== ACTIVITY ==
What you write must match, character for character, the lines from the one with "Ich frühstücke an" down to the one with "During the search, detectives" in the listing below, minus its pictures.
(THE INPUT Opens)
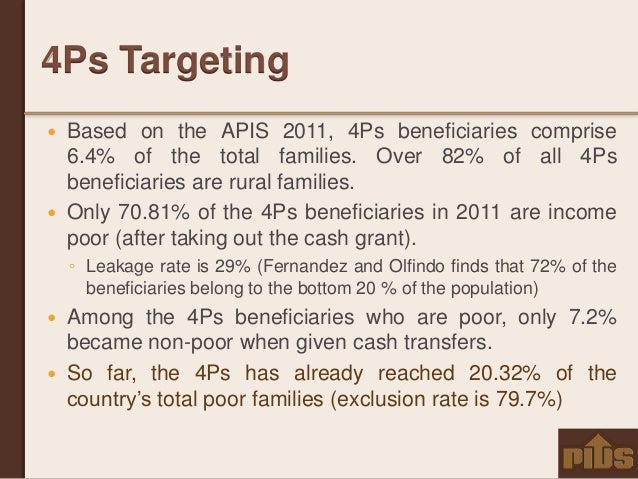 18. 18. 4Ps Targeting  Based on the APIS 2011, 4Ps beneficiaries comprise 6.4% of the total families. Over 82% of all 4Ps beneficiaries are rural families.  Only 70.81% of the 4Ps beneficiaries in 2011 are income poor (after taking out the cash grant). ◦ Leakage rate is 29% (Fernandez and Olfindo finds that 72% of the beneficiaries belong to the bottom 20 % of the population)  Among the 4Ps beneficiaries who are poor, only 7.2% became non-poor when given cash transfers.  So far, the 4Ps has already reached 20.32% of the country’s total poor families (exclusion rate is 79.7%)
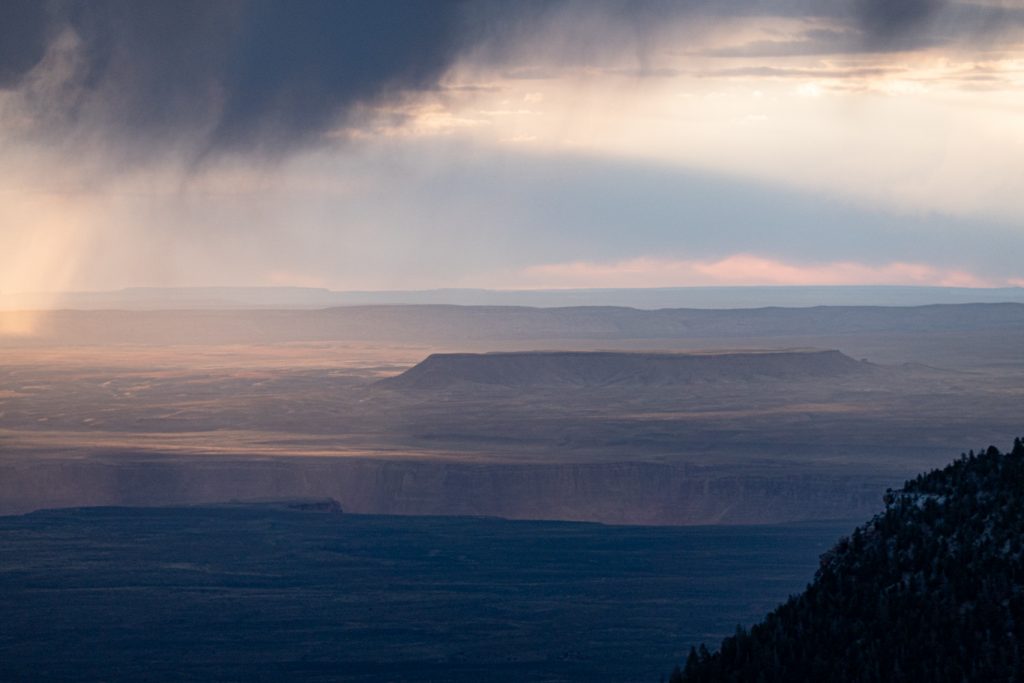 Ich frühstücke an einem Picknicktisch direkt am Canyonrand, danach ist es Zeit zum Aufbruch. Der Tag gibt für mich fotografisch nicht viel her – ich bleibe an wenig hängen. Das mag auch daran liegen, dass ich nach zwanzig Jahren Kindheit im Münsterland nun wirklich kein Regenfan mehr bin. Und daran, dass mir die Landschaft nur allzu bekannt vorkommt: Sanft welliges Land mit Mischwald. Für einen Wüstenbewohner muss das eine Offenbarung sein – als deutschem Mittelgebirgsbewohner sagt mir meine Mustererkennung, dass ich so etwas schon ziemlich oft gesehen habe:
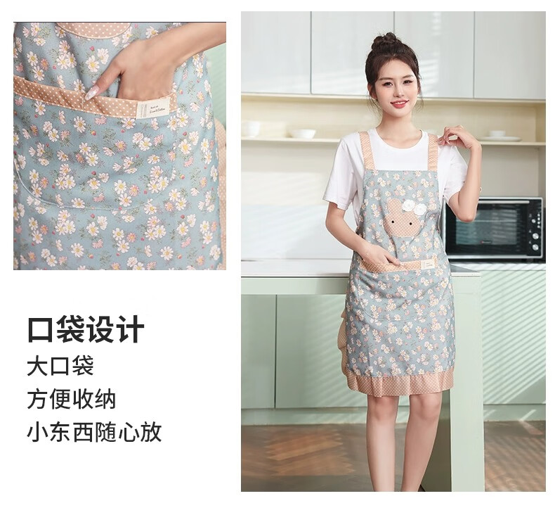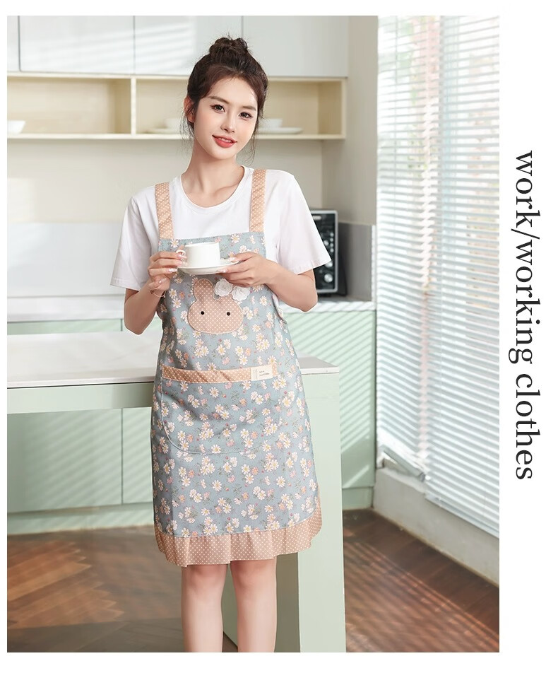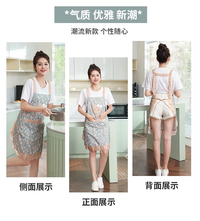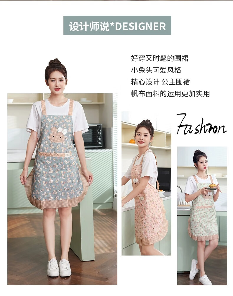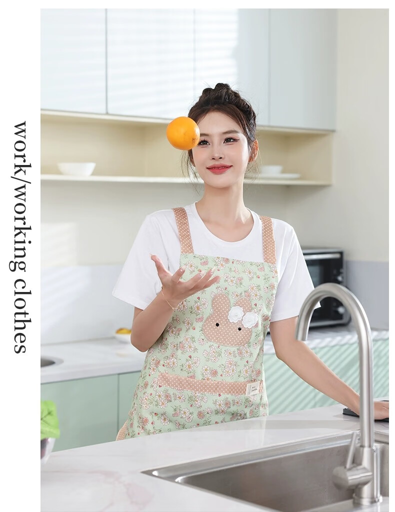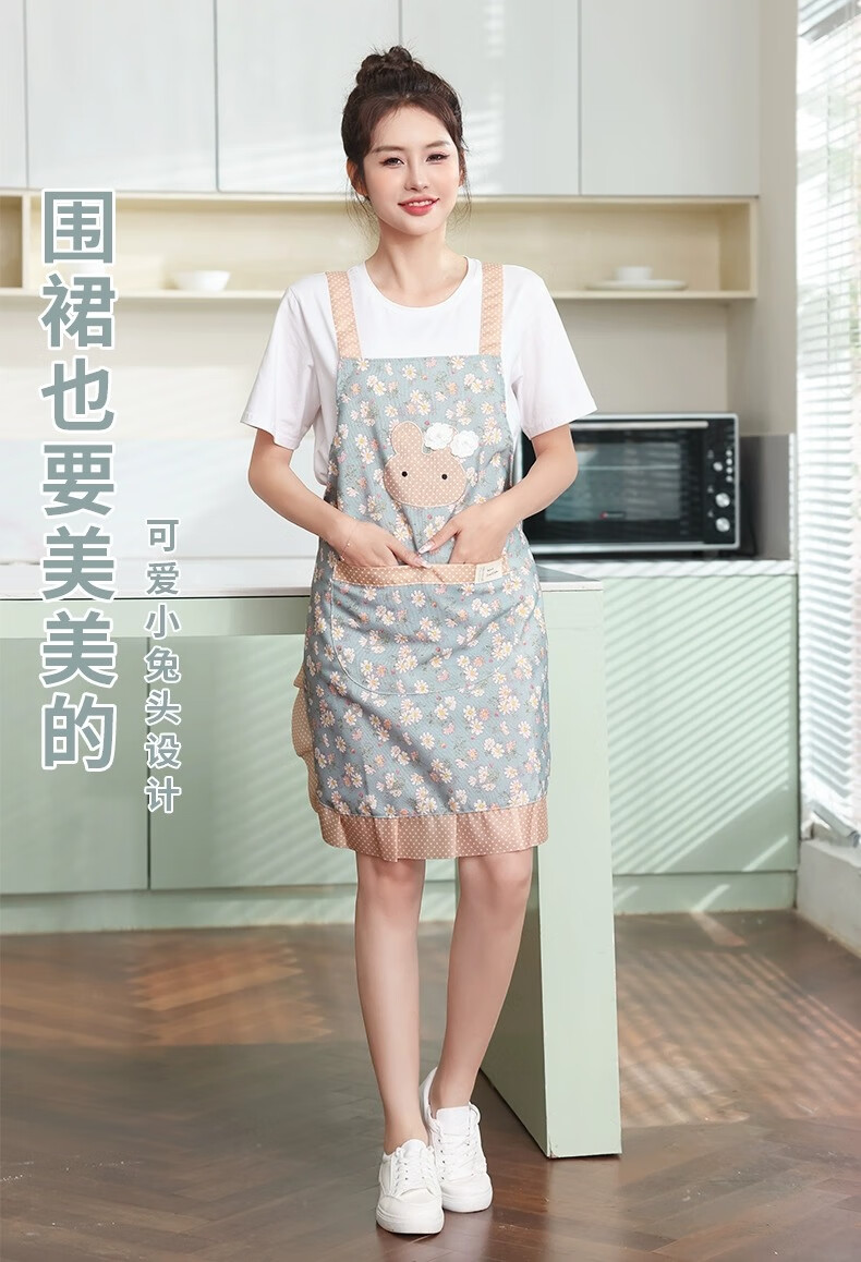 AILUKI日本日式围裙厨房家用超强防水防油做饭专用透气防污工作服女 【防油抗污款】兔耳朵-浅绿色
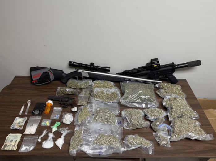 During the search, detectives found more than 10 grams of methamphetamine, 15 grams of cocaine, three pounds of marijuana and three firearms.
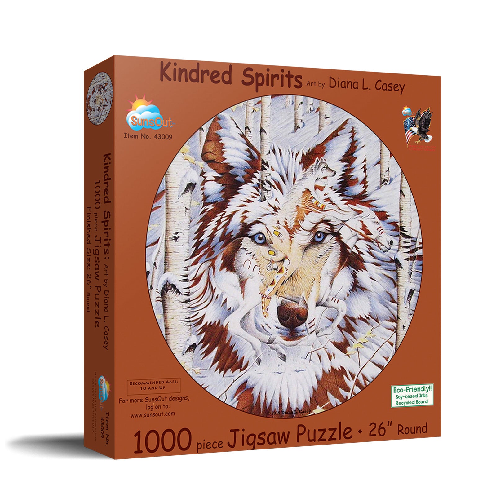 Unleash your inner artist and dive into a serene world of creativity with the SunsOut Inc Kindred Spirits 1000 piece Jigsaw Puzzle, designed by the famed artist, Diana Casey. This beautiful, 26-inch round puzzle takes you on an exciting journey through compelling animal-themed artwork, offering a challenging, yet captivating experience perfect for discerning adult puzzle enthusiasts. Each piece, made from high quality, eco-friendly materials, is as durable as it is enjoyable, reflecting SunsOut's testament to sustainable practices, using responsibly-sourced recycled cardboard and soy-based inks. Be part of SunsOut's commitment to excellence, a woman-owned small business that resonates with puzzle lovers worldwide with their superior customer service and quality products, offering a worry-free guarantee. Proudly made in the USA, this puzzle embodies the highest manufacturing standards, reflecting American craftsmanship and a commitment to local production. The SunsOut Kindred Spirits puzzle offers more than just leisure, it serves as a quiet escape from everyday life. Experience the tactile pleasure of interlocking seamlessly-fitting pieces and the rewarding accomplishment upon completion. Enjoy the beauty of the artwork guiding you through a meditative process, order your SunsOut Kindred Spirits puzzle today and embark on an artistic adventure!
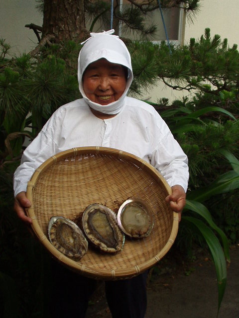 今日は大漁です。 エッ?3こで?と思うでしょう 600g、900g、500gの3つで2kgの大物なんです。 60年近く潜る私も、最近では滅多にない大物揃いぶみです。 国崎の熨斗あわびもこんな大きな鮑を使います。 天照大神が1年間に食べる量はナマの鮑で700s だから大きな鮑が約1000杯!!(鮑の数え方) なんてグルメで食いしん坊なんでしょう 打ち鮑にもこんな大物のアワビを使います。 あわびは薄くむいて乾くと小さくなるからです。 900gのなまアワビからできる打ち鮑はわずか50g 神様の食べる分が9割5分、まったく食いしん坊ですね・・・・ 海女 禮子(れいこ) |
(THE INPUT Closes)
== TASK RESPONSE ==
 Ich frühstücke an einem Picknicktisch direkt am Canyonrand, danach ist es Zeit zum Aufbruch. Der Tag gibt für mich fotografisch nicht viel her – ich bleibe an wenig hängen. Das mag auch daran liegen, dass ich nach zwanzig Jahren Kindheit im Münsterland nun wirklich kein Regenfan mehr bin. Und daran, dass mir die Landschaft nur allzu bekannt vorkommt: Sanft welliges Land mit Mischwald. Für einen Wüstenbewohner muss das eine Offenbarung sein – als deutschem Mittelgebirgsbewohner sagt mir meine Mustererkennung, dass ich so etwas schon ziemlich oft gesehen habe:
 AILUKI日本日式围裙厨房家用超强防水防油做饭专用透气防污工作服女 【防油抗污款】兔耳朵-浅绿色
 During the search, detectives found more than 10 grams of methamphetamine, 15 grams of cocaine, three pounds of marijuana and three firearms.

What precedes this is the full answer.